Future recommendations
Future recommendations based on the visions that the HAAD strives to achieve. `The two problems faced by HAAD are staff retention and the problem of annual performance appraisal. In addition, the employees do not understand why they get raise or not. Here is the recommendation of tackling those problems.
The following recommendations are reflections of and as described in various theories. (a) the Retention & Selection & Retention Theory which gets its basis from the success of the organization in hiring and retaining valuable and competent staff and (b) contingency theory: explaining staff nurse (courtesy PubMed) retention which increases the staff retention by the designing of the organization using various techniques of technology in nursing.

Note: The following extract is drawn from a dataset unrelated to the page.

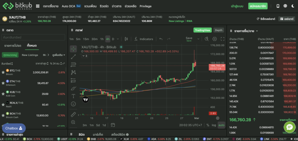สรุปภาวะตลาด Tether Gold (XAUT)ล่าสุดจากการตรวจสอบข้อมูลบนกระดานเทรด Bitkub Exchange ณ เวลา 20:02 น. ประจำวันที่ 28 กุมภาพันธ์ 2569 พบว่าราคาสินทรัพย์ทองคำดิจิทัลมีการเคลื่อนไหวที่น่าสนใจ โดยราคาปัจจุบันแตะ 166,760.28 บาท สถิติในรอบ 24 ชั่วโมง: ราคาปรับตัวเพิ่มขึ้นอย่างต่อเนื่องถึง +3.26% โดยมีช่วงการแกว่งตัวของราคาระหว่างจุดสูงสุดที่ 174,000.00 บาท และจุดต่ำสุดที่ 161,482.27 บาท มูลค่าการซื้อขาย: มีปริมาณการซื้อขายรวม (24 ชม.) หมุนเวียนสูงถึง 106.86 ล้านบาท สะท้อนถึงความเชื่อมั่นของนักลงทุนที่หลั่งไหลเข้าสู่สินทรัพย์ประเภททองคำดิจิทัลในช่วงภาวะวิกฤต สามารถเช็กราคา Tether Gold (XAUT) แบบ Real-Time ได้ที่ https://www.bitkub.com/th/market/XAUT_THB

The organization should use the Helzberg Motivation-Hygiene Theory, which emphases on the researching of the reasons in the workplace lead to dissatisfaction ( such as the organizational policies, compensations, association between the workmates, the work environment) or the factors that lead to contentment (such as the accomplishments, improvement, growth, being recognized). Using the Herzberg two-factor theory, there is the recommendation of hygiene factors. This, as stated in the theory, will help shun unpleasantness and discomfort in the job. Factors in this category include reactions of the security of the job, financial compensations (Riley, 2010). The other theory of the Herzberg two-factor theory, is the personal issues regarding personal development such as class, advancement chances, being recognized, a exigent job and a consciousness of individual growth.
Staff retention
Staff retention is the process of encouraging the employees to work in a particular organization for as long as possible or until the project is complete. Different employees vary greatly. Employees may “hop” from one job to another if they feel dissatisfied with one job (Group, The Report: Ajman 2008, 2008). However, it is upon the employers or the organization to retain their desirable staff or they will be left with undesirable employees. The bottom-line effect on retaining quality employees is that they lead to increased productivity and staff morale while in the meantime; lowering the affiliated turnover costs (Eric, 2010). Therefore, for the success of a company, managers need to make sure that their best employees are retained for (as stated in the Retention and Motivation theory) : the satisfaction of their customers, satisfaction of the workmates and ensure the things that bring positive changes to the workplace. There are critical importances of staff retention since with the retirement of Baby Boomers; they are lesser Generation X employees to replace them. Here are some of the recommendations that can be suggested to the HAAD.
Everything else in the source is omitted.